- Opening Delimiter -
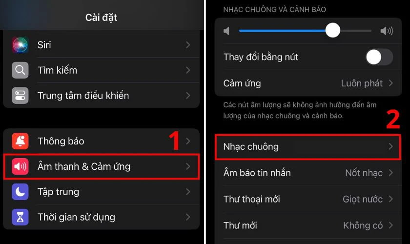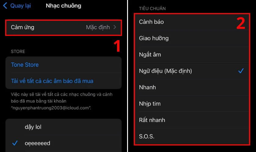 - Vào Cài đặt → Âm thanh & Cảm ứng → Nhạc chuông → Cảm ứng.
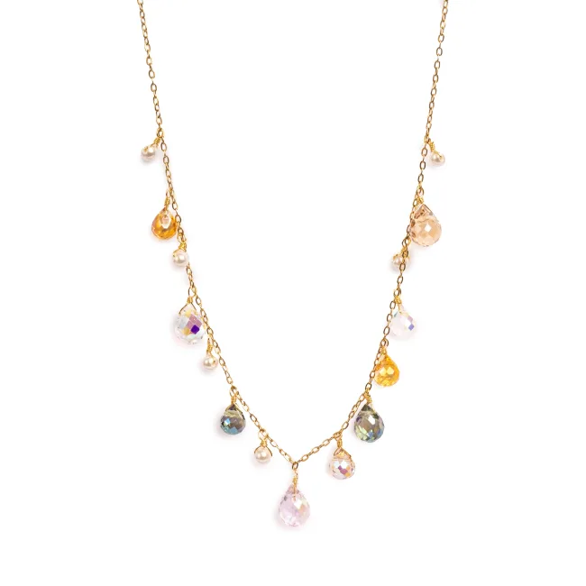 Delikate glassdråper i en nydelig fargekombinasjon, nedtonet og samtidig glamorøs. Like fin til hverdagsantrekket som festkjolen, alene, eller lag på lag med andre kjeder i kolleksjonen.
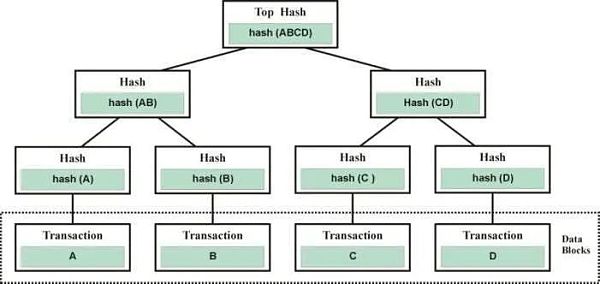 给定区块中的每个交易对应于Merkle树中的一个叶子,通过哈希单个交易递归构建Merkle根。
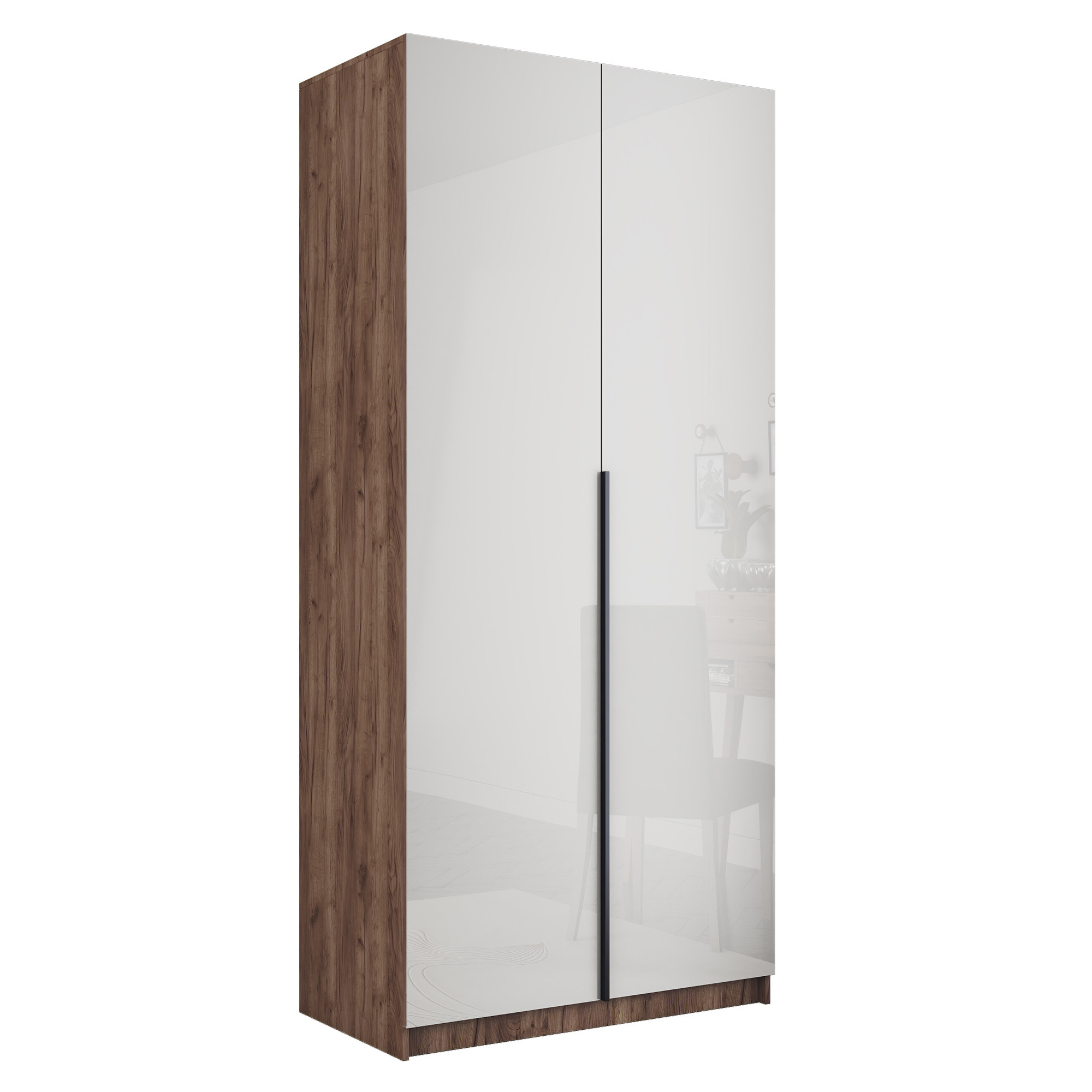 Шкаф оснащен удобной минималистичной ручкой, изготовленной из алюминия.
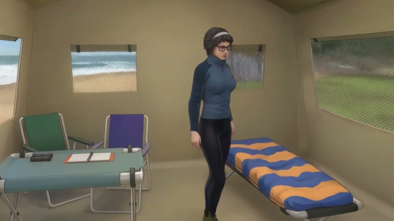 The scene below shows a young woman sitting at a worktable in her large tent. She is reading a notebook, but she is tired, so she gets up to have a lie-down.
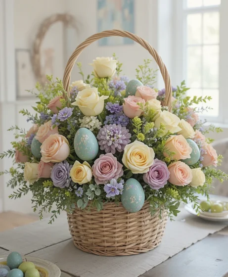 Line a woven Easter basket with floral foam and arrange roses, greenery, and decorative eggs. This festive piece works perfectly as a centerpiece or entryway display.
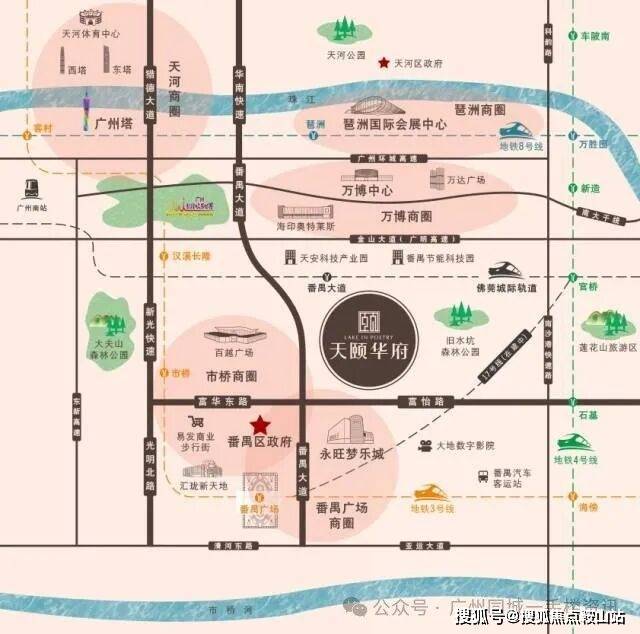 ① 地处番禺广场板块,四地铁交汇的广州枢纽级交通中心(3 号线、18 号线、22 号线、17 号线)
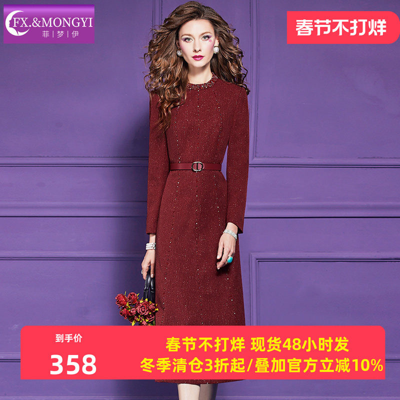 菲梦伊钉珠红色连衣裙女长袖秋装新款小香风名媛端庄气质A字裙子
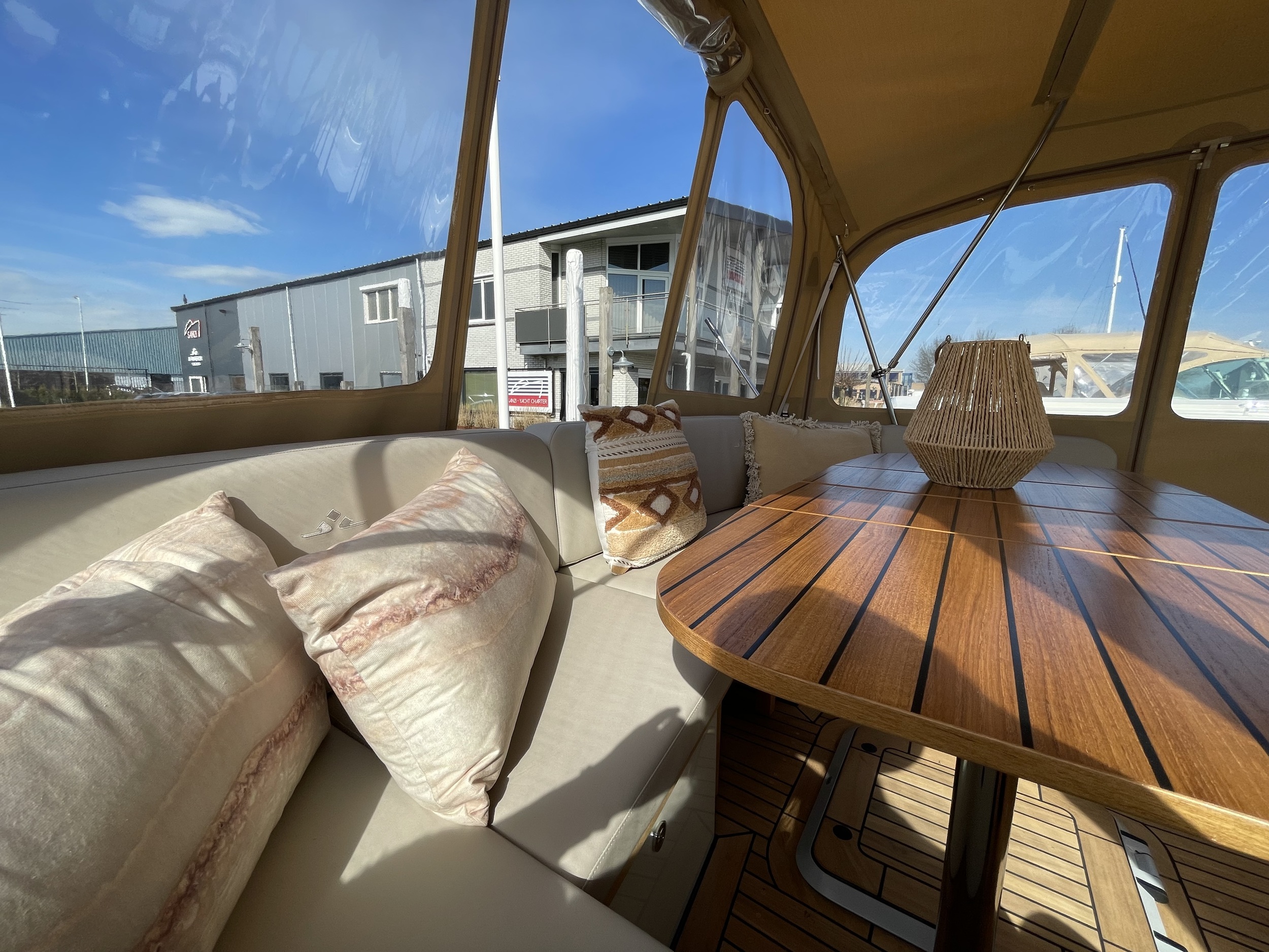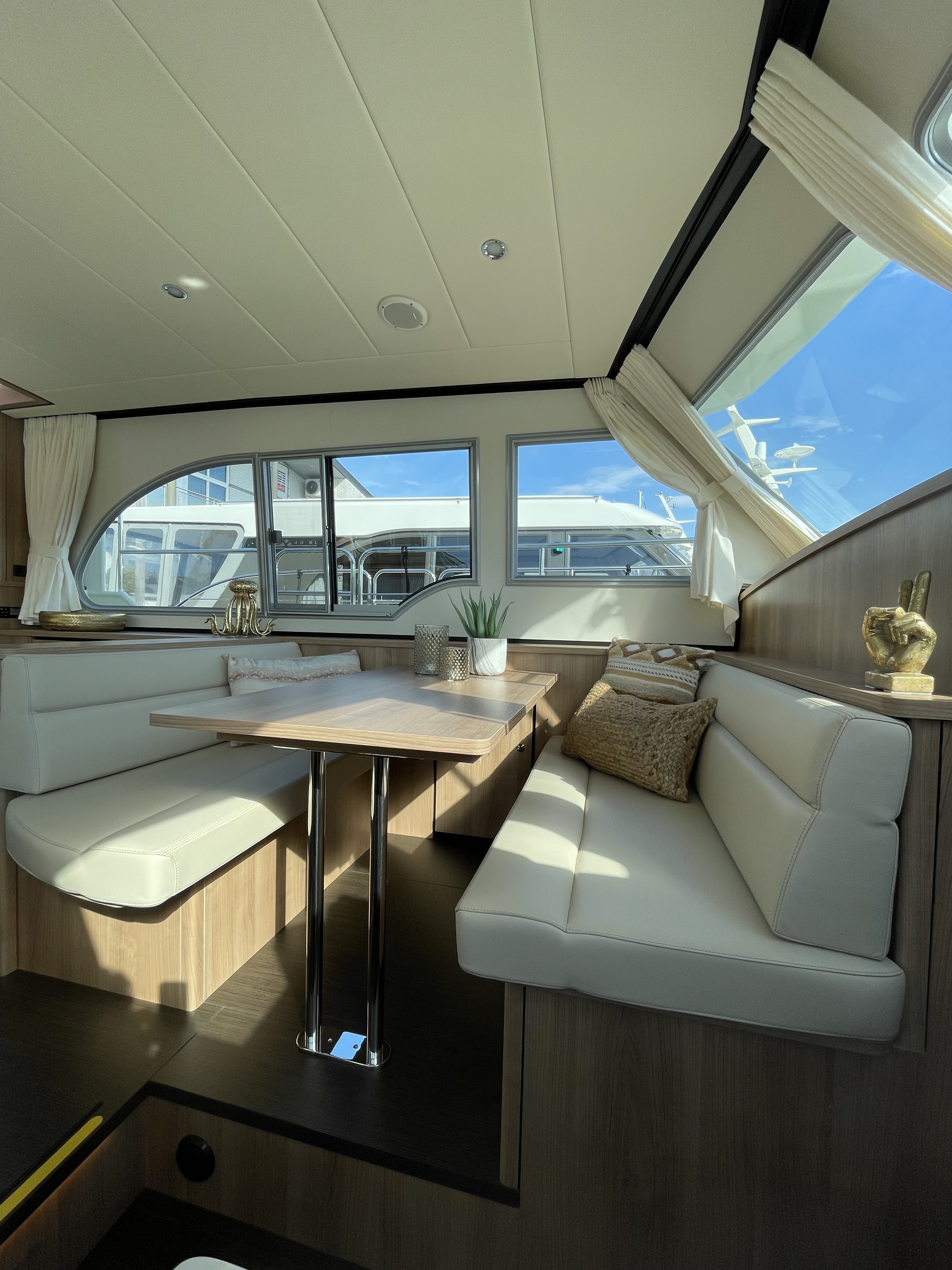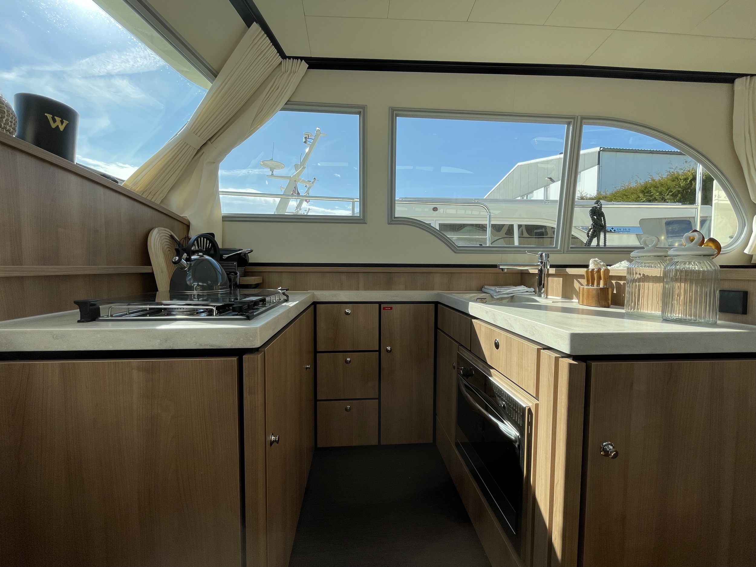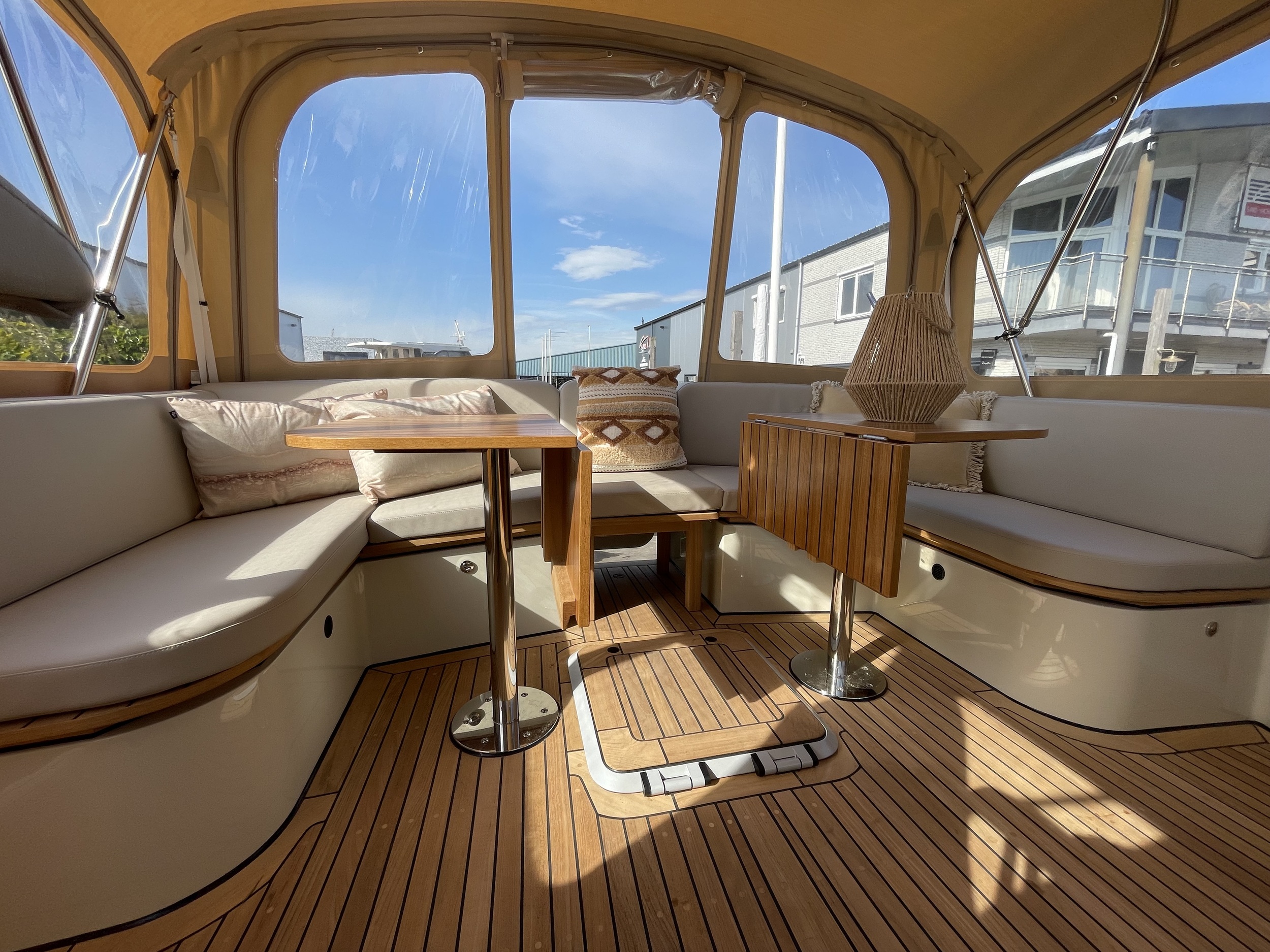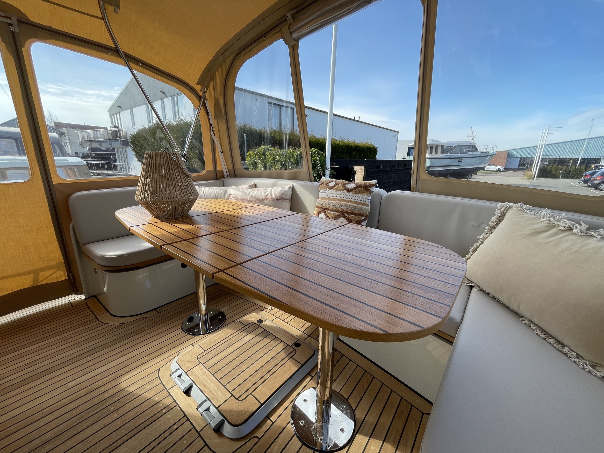 On deck is the steering position with a complete navigation package from Raymarine, including two plotters, AIS, a radar, a day and night camera, a bow and stern thruster and cameras all around. The galley is spacious and equipped with a ceramic 4-burner stove a spacious fridge freezer and an electric combination oven. There are also two additional coolers (drawers) on board and a 40-liter freezer. Furthermore, built-in on board is a 4-G Wifi router. Throughout the yacht is extremely large closet space. In the saloon there is a spacious settee with an easy sleep system; a simple operation creates two extra beds. The salon offers a nice atmosphere with its beautiful light paneling and generous light. The aft deck has a spacious settee with an original Linssen deck cushion set, a fixed teak table on two high-gloss stainless steel legs and a fixed comfortable helm chair.
- Closing Delimiter -
▶ **WHAT TO PRODUCE**
In the records above, find the line with "Line a woven". Print exactly from there through the line with "菲梦伊钉珠红色连衣裙女长袖秋装新款小香风名媛端庄气质A字裙子", minus the pictures.

▶ **SOLUTION FOR THIS TASK**
 Line a woven Easter basket with floral foam and arrange roses, greenery, and decorative eggs. This festive piece works perfectly as a centerpiece or entryway display.
 ① 地处番禺广场板块,四地铁交汇的广州枢纽级交通中心(3 号线、18 号线、22 号线、17 号线)
 菲梦伊钉珠红色连衣裙女长袖秋装新款小香风名媛端庄气质A字裙子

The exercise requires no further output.